Look Away Now
- Genre: Sketch comedy
- Running time: approx. 28 minutes
- Country of origin: United Kingdom
- Language(s): English
- Home station: BBC Radio 4
- Hosted by: Garry Richardson
- Original release: 12 April 2007 – 24 June 2010
- No. of series: 4 (plus 1 special)
- No. of episodes: 19
- Opening theme: "Theme from Sparta F.C." by The Fall
- Website: Official BBC webpage

= Look Away Now =

Look Away Now is a BBC Radio 4 sports-based comedy series presented by Garry Richardson (the Today programme's sports reporter). The programme takes the form of a sports news programme and mocks many aspects of such programmes. The cast also includes Laurence Howarth, Katherine Jakeways, Dave Lamb, Richie Webb and Mark Evans. Most of the show is composed of "interviews" with important sporting figures and satire based on sporting news. There is also a sport related song performed by Richie Webb. Other regular sketches include a panel of ex-professional footballers watching various non sport related programmes on TV monitors and the "Rant-line" which is supposedly open to the public to complain about sport but in fact is mainly filled with messages from people interviewed on the programme.

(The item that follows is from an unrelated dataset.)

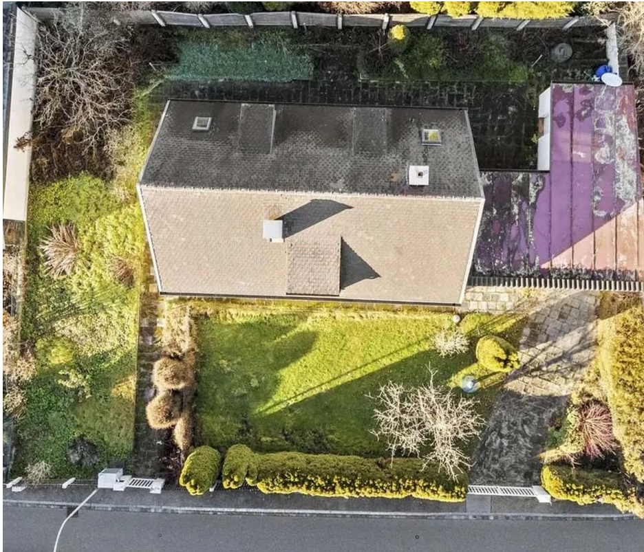
Luftbild - Draufsicht

As of June 2010 there have been four series; one each in 2007, 2008, 2009 and 2010. The first two series consisted of six episodes whilst the third series ran for a shorter period with only three episodes. There was also a 2007 Christmas special.

The third series differed to the previous with the usual panel of ex-professional footballers being replaced with a team of former cricketers commenting on live events such as a barbecue and wedding. Also, every episode featured an "interview" with Kevin Pietersen.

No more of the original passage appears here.